Nice opinion in Commonwealth of Pennsylvania v. Gerald M. Dunnavant, a case that involved suppression of evidence obtained from a confidential informant wearing a silent video device in a suspect’s home when no warrant has been obtained:

The Commonwealth of Pennsylvania (“the Commonwealth”) appeals from the order entered on June 8, 2012 granting the suppression motion filed by Gerald M. Dunnavant (“the defendant”). On appeal, the Commonwealth argues that the suppression court erred by prohibiting for use at trial evidence obtained from a silent video camera worn by a confidential informant inside the defendant’s residence.

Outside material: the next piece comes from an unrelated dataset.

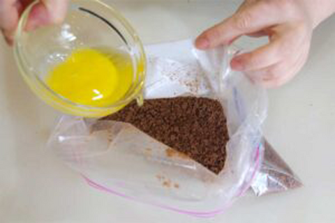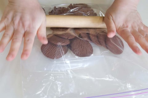1.ココアクッキーをチャック付きポリ袋などに入れて細かく砕く。

After careful review of this issue of first impression, we affirm.

[…]

The video recording at issue was government behavior and, through the lens of a hidden, digital video camera, a warrantless search of the defendant’s residence. Thus, it is per se unreasonable. Blair, 575 A.2d at 596-597. The Commonwealth does not – and cannot – defend the video recording at issue with any of the specifically established and well-delineated exceptions to the warrant requirement. Even if the Commonwealth’s video recording inside the defendant’s living room was “inadvertent,” we hold that it was an unconstitutional invasion of the defendant’s expectation of privacy in his home. As such, the Commonwealth could not use the video recording against the defendant.

Thanks to Mark Eckenwiler for making me aware of this case.